WWF magazin, Ausgabe 2/2015
WWF Deutschland - World Wide Fund For Nature

Hilfe für Waldmenschen

Von Susanne Gotthardt, WWF


Orang-Utan bedeutet auf Indonesisch Waldmensch, weil Orang-Utans meist auf Bäumen leben. Doch was tun, wenn ihr Wald geschädigt ist? Im Nationalpark Sebangau auf Borneo setzt der WWF auf nachhaltige Renaturierung.


Borneos Regenwälder gehören zu den artenreichsten unseres Planeten. Doch allein seit 1973 wurde rund ein Drittel davon zerstört. Vor allem Tieflandregenwälder gingen verloren. Deshalb kümmert sich der WWF auf Borneo darum, Waldflächen zu renaturieren und bedrohten Arten ihre Heimat zu sichern. Zum Beispiel im Torfmoor-Regenwald von Sebangau im Süden der Insel: Im Jahr 2004 erklärte die indonesische Regierung auf Initiative des WWF ein rund 524.000 Hektar großes, ehemals für den Holzeinschlag freigegebenes Gebiet zum Nationalpark. Seitdem setzte sich der WWF für den Erhalt des Schutzgebiets ein. Bei einem Regenwald von der doppelten Größe des Saarlands kein leichtes Unterfangen, denn der Wald ist durch den kommerziellen Holzeinschlag stark geschädigt. Zudem folgten Jahre der illegalen Entwaldung. Darüber hinaus wurden Hunderte von Kanälen in den Wald gegraben, um Holzstämme aus dem Gebiet abzutransportieren. Diese Kanäle existieren noch heute und sorgen dafür, dass der Torfboden des Regenwalds austrocknet. Das schwächt nicht nur den Wald. Es schädigt auch das Klima, weil durch die Entwässerung viele Treibhausgase freigesetzt werden.

Trotz Abholzung und Austrocknung beherbergt Sebangau aber noch immer viele seltene Tierarten wie den Nebelparder, Nasenaffen, Malaienbären und den Orang-Utan. Im Nationalpark lebt sogar eine der größten Orang-Utan-Populationen überhaupt. Aktuelle Schätzungen gehen von etwa 6000 Menschenaffen aus. Das sind mehr als zehn Prozent der gesamten wild lebenden Orang-Utans auf Borneo.

Der WWF setzt deswegen nicht nur darauf - mit Unterstützung der Krombacher Brauerei -, die Kanäle zu verschließen, abgeholzte Flächen neu aufzuforsten und das Nationalparkmanagement zu unterstützen. Er entwickelte auch ein eigenes Orang-Utan-Schutzprogramm. Herzstück ist die Punggualas-Feldstation. Sie liegt dort im Nationalpark, wo es noch ausreichend Regenwald gibt und entsprechend viele Arten leben. Von diesem Basislager aus unterstützt der WWF mehrere Studien, um herauszufinden, wie sich Orang-Utans an degradierte Wälder wie in Sebangau anpassen und wie wir ihnen dabei helfen können.

Orang-Utans auf der Spur

In den ersten Jahren ging es darum, die Orang-Utans zunächst an die Gegenwart von Menschen zu gewöhnen, um sie besser beobachten zu können. Drei Jahre lang folgten unsere WWF-Kollegen fünf Orang-Utans unterschiedlichen Alters auf Schritt und Tritt - ein mühseliges und gefährliches Unterfangen.

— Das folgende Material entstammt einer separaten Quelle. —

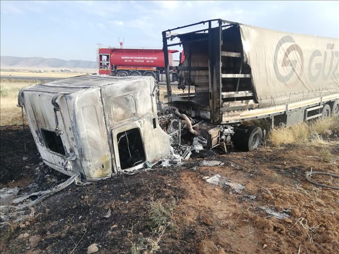 Mardin´in Nusaybin ? Cizre ilçeleri arası İpekyolu´nda hareket halindeki tır alev aldı. Tır kullanılmaz hale geldi.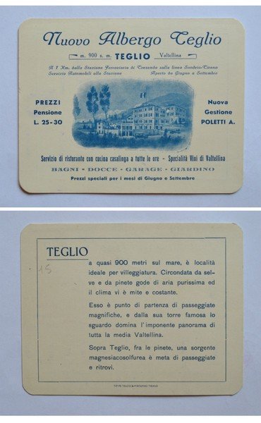 Biglietto pubblicitario Nuovo Albergo Teglio - Valtellina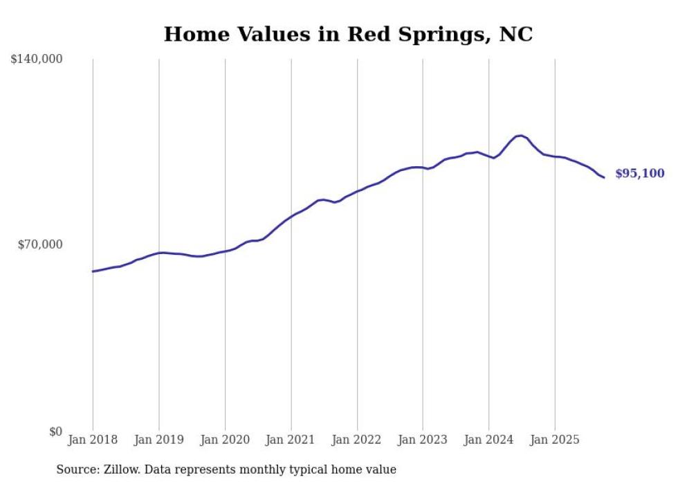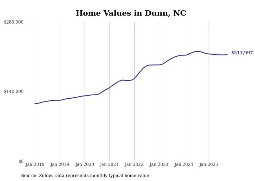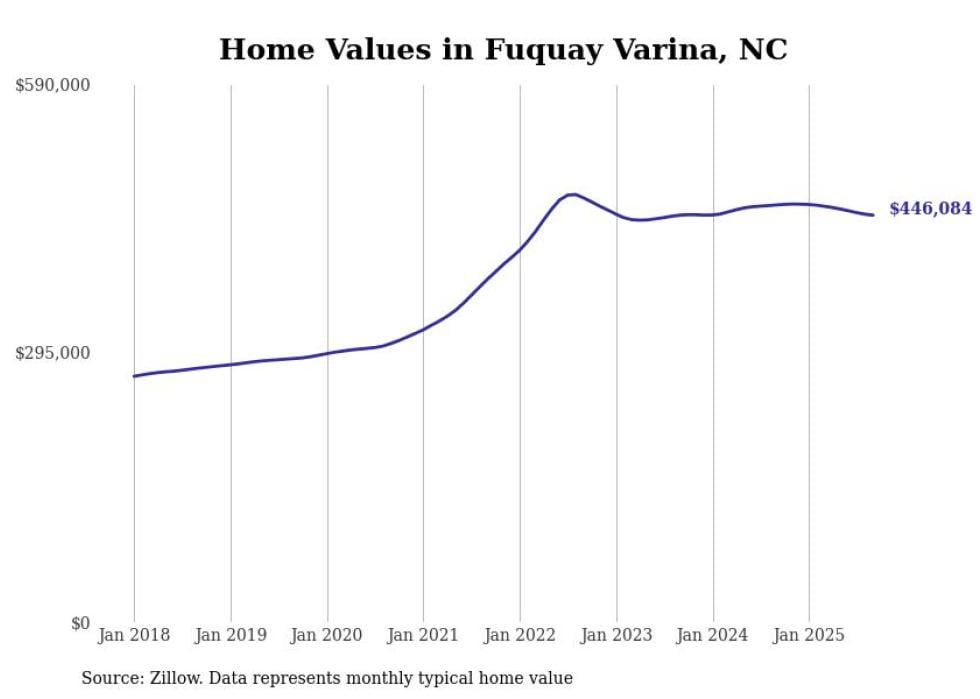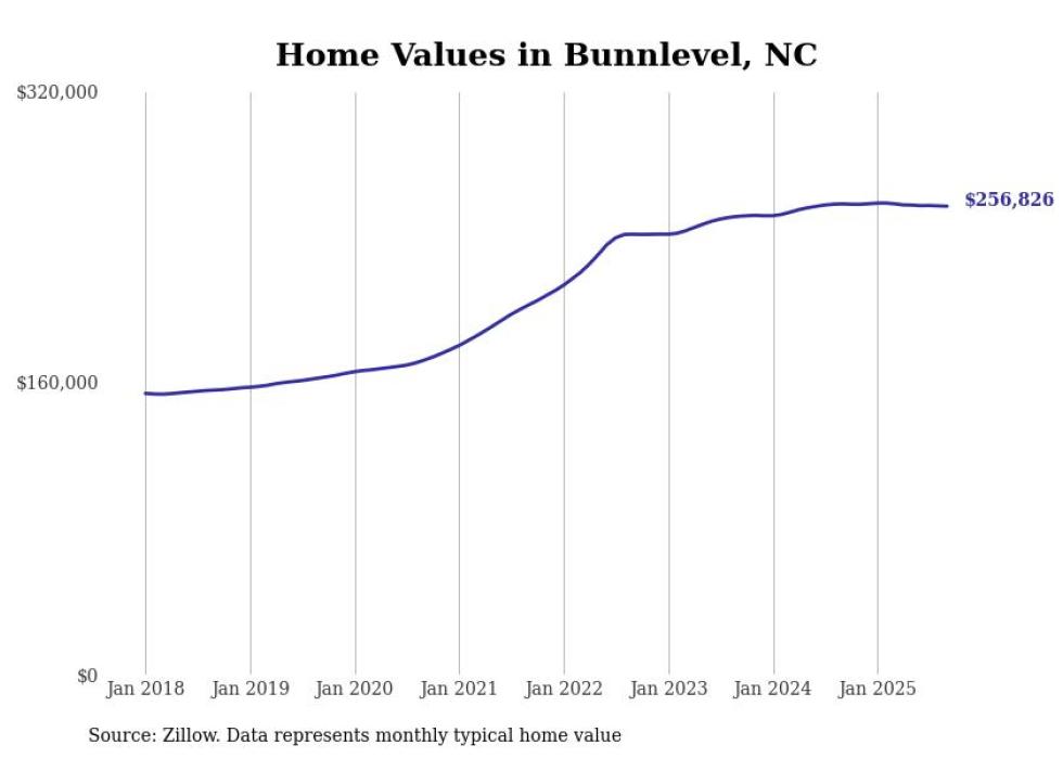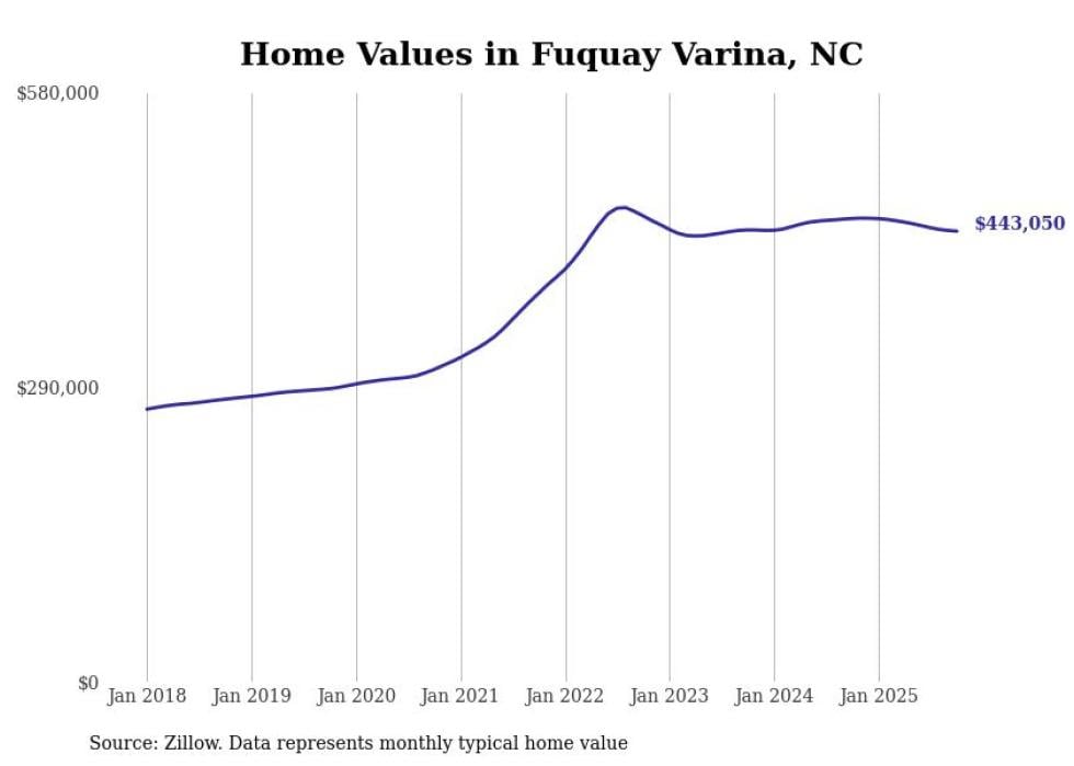 Stacker compiled a list of cities with the most expensive homes in the Fayetteville, NC metro area using data from Zillow. Charts show the monthly typical home value since January 2018.

Einer dieser Kollegen war Okta Simon. Er taufte "seinen" Orang-Utan auf den Namen "Bruce", da es sich um ein stattliches Männchen handelte. Bruce war über die Begleitung überhaupt nicht erfreut. Er bewarf Okta mit allem, was er fand, und versuchte, ihn mit Drohgebärden und Gebrüll zu vertreiben. Doch Okta ließ sich nicht einschüchtern. Mit der Zeit gewöhnte sich Bruce an Okta. Doch es blieb anstrengend: Jeden Tag, bevor die Sonne aufging, musste Okta zu dem Schlafnest des Orang-Utans schleichen, um ihn nicht zu verpassen und ihn auf seiner Tour bis zum Sonnenuntergang zu begleiten. Während Bruce sich meist elegant von Baum zu Baum hangelte, stapfte Okta mühsam durch den Torfwald. Okta notierte, was Bruce wann fraß, in welchen Bäumen er seine Schlafnester baute und wann und weshalb Bruce von den Bäumen herunterkletterte. Okta und seine Kollegen beobachteten, dass sich die Menschenaffen von Sebangau statt auf Bäumen mehr und mehr auf dem Boden fortbewegten. Liegt es daran, dass sie in den Bäumen weniger Früchte finden, weil sich der Zustand des Waldes verschlechtert hat? Oder daran, dass die Bäume zur Fortbewegung nicht mehr dicht genug stehen?

Mehr Futterbäume pflanzen

Um das herauszubekommen, sind weitere Forschungen nötig. So sammelt der WWF Vogelkot, um anhand der darin enthaltenen Samen mehr über die Blüte- und Fruchtzeit von Pflanzen zu erfahren, die auch von den Orang-Utans genutzt werden.

Denn je mehr wir über die Nahrungs-Vorlieben der "Waldmenschen" wissen, desto gezielter können wir auch ihre Futterbäume wiederaufforsten. Eine Erkenntnis haben die bisherigen Studien bereits erbracht: Orang-Utans bauen ihre Schlafnester bevorzugt auf Berangan-Bäumen. Deshalb soll diese Baumart gezielt angepflanzt werden.

Mit der Anpflanzung dieser und weiterer Bäume helfen wir, den Lebensraum zu erhalten und den Wald allmählich in seinen früheren Zustand zurückzuversetzen. Dazu gehört auch, die Austrocknung des Torfbodens noch weiter zu stoppen. Seit vergangenem Jahr ist die Punggualas-Forschungsstation der Ausgangspunkt, um in den Kanälen im Umkreis noch mehr Dämme zu errichten. Damit halten wir den Boden ausreichend feucht und den Regenwald intakt. "So haben die neu gepflanzten Bäume eine Chance, so groß zu werden, dass Bruce und seine Gefährten sie eines Tages nutzen können", sagt Orang-Experte Okta.


Bildunterschriften der im Schattenblick nicht veröffentlichten Abbildungen der Originalpublikation:

Wiederaufbau: Im Regenwald von Sebangau wurde großflächig gerodet. Noch heute schädigen unzählige Kanäle zum Abtransport des Holzes den verbliebenen Wald - und das Klima weltweit.

Keine Höhenangst WWF-Mitarbeiter: Okta Simon an seinem Arbeitsplatz.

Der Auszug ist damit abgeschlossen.